*Work to be completed*:
With pictures excluded, give again exactly the lines running from the one holding "隙間や配置具合を見ながら葉っぱを作りながらつけます。" through the end of the listing below.

*Material provided*:
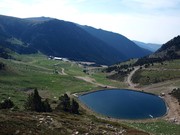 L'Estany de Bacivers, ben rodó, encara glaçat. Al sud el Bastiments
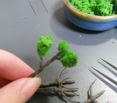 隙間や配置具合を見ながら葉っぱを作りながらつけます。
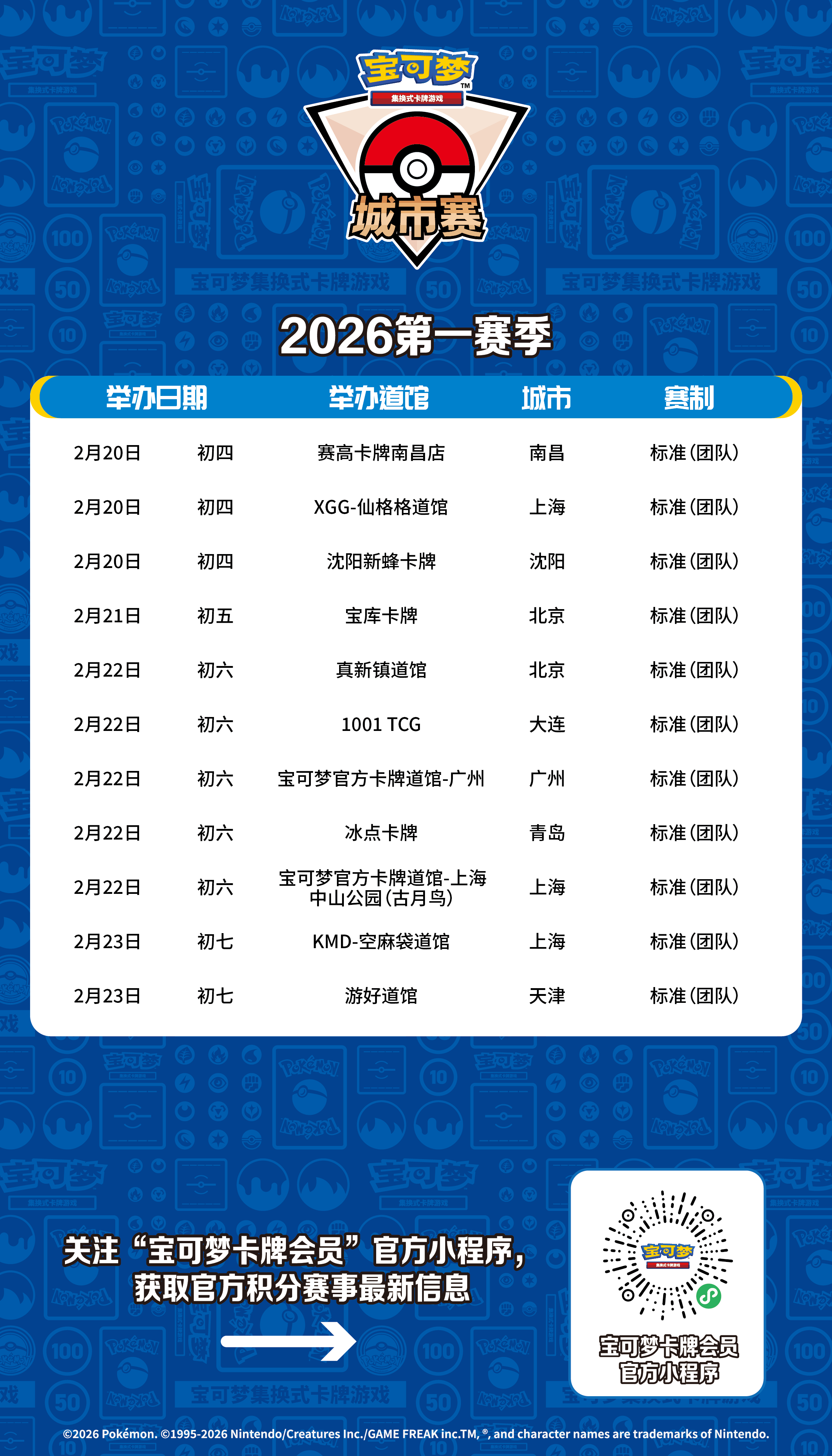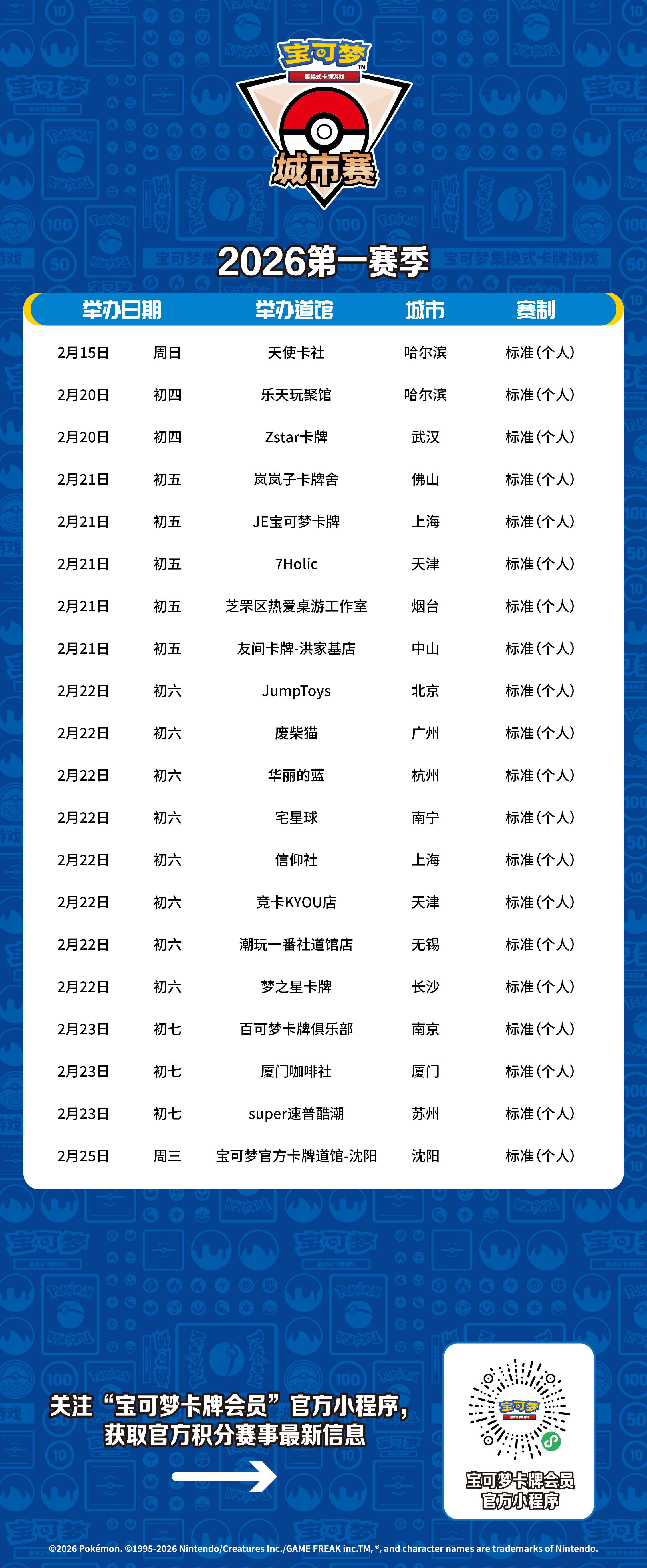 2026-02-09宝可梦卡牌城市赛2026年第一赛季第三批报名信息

*Solution to the exercise*:
 隙間や配置具合を見ながら葉っぱを作りながらつけます。
 2026-02-09宝可梦卡牌城市赛2026年第一赛季第三批报名信息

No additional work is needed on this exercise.